Ceph problem

teicee

New Member
Dec 14, 2018
6
0
1
125
Hello,
I've got the following errors on my ceph cluster :
Code:
2018-12-14 17:34:07.109670 osd.3 osd.3 192.168.99.5:6804/663740 39 : cluster [WRN] Monitor daemon marked osd.3 down, but it is still running
2018-12-14 17:34:07.113561 osd.7 osd.7 192.168.99.5:6800/663643 19 : cluster [WRN] Monitor daemon marked osd.7 down, but it is still running
2018-12-14 17:34:07.113811 osd.5 osd.5 192.168.99.5:6802/663691 27 : cluster [WRN] Monitor daemon marked osd.5 down, but it is still running
2018-12-14 17:34:16.225168 osd.6 osd.6 192.168.99.6:6800/10967 9 : cluster [WRN] Monitor daemon marked osd.6 down, but it is still running
2018-12-14 17:34:57.774856 osd.3 osd.3 192.168.99.5:6804/663740 45 : cluster [WRN] Monitor daemon marked osd.3 down, but it is still running

And about two minutes later all the OSDs goes down. Is it a problem of disk performance ?

Thanks
 
And about two minutes later all the OSDs goes down. Is it a problem of disk performance ?
Not much do go on with the above snippet, but it is unlikely that all disks suffer from overloading. Ceph is smart enough to throttle performance.
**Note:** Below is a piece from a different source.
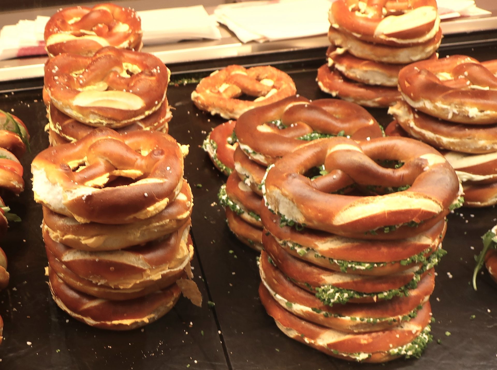 日本ではほとんど扱う店のないブレーツェルというパンは、南ドイツに行ったら必ず食べたいもののひとつ。そのまま食べてもいいですが、横にスライスしてバターをたっぷり塗ったものが人気です。ブレーツェル専門店のブレーツェリーナではハムやチーズを挟んだものなどバリエーションが豊富。ブレーツェルは固くなるのが早いので、買ったらなるべくすぐに食べるのがおいしく食べるコツ。町で食事をする時間がなかった時など、移動中の列車の中で食べるとおいしさ倍増です。

Please give us more insight into your ceph cluster. And check the ceph logs under /var/log for more details.
 
Hello,
Thanks for your reply. How can i verify overloading on OSDs ?
What information do you need to help us ?
Thanks
 
Hello,
New diagnostic. On my node1, the three OSDs are listening to the following ports :
  • OSD 3 -> 192.168.99.5:6804
  • OSD 5 -> 192.168.99.5:6802
  • OSD 7 -> 192.168.99.5:6800
But on my second node i have the following errors :
Code:
2018-12-17 21:48:49.837091 7f9c4619a700 -1 osd.4 2839 heartbeat_check: no reply from 192.168.99.5:6805 osd.3 ever on either front or back, first ping sent 2018-12-17 21:48:07.325112 (cutoff 2018-12-17 21:48:29.837087)
2018-12-17 21:48:49.837118 7f9c4619a700 -1 osd.4 2839 heartbeat_check: no reply from 192.168.99.5:6803 osd.5 ever on either front or back, first ping sent 2018-12-17 21:48:07.325112 (cutoff 2018-12-17 21:48:29.837087)
2018-12-17 21:48:49.837124 7f9c4619a700 -1 osd.4 2839 heartbeat_check: no reply from 192.168.99.5:6801 osd.7 ever on either front or back, first ping sent 2018-12-17 21:48:07.325112 (cutoff 2018-12-17 21:48:29.837087)

Why the second node try to contact the OSD of the first node on the wrong port ?
 
Problem solved.
Direct link between node 1 and node 2 was down and i haven't checked it.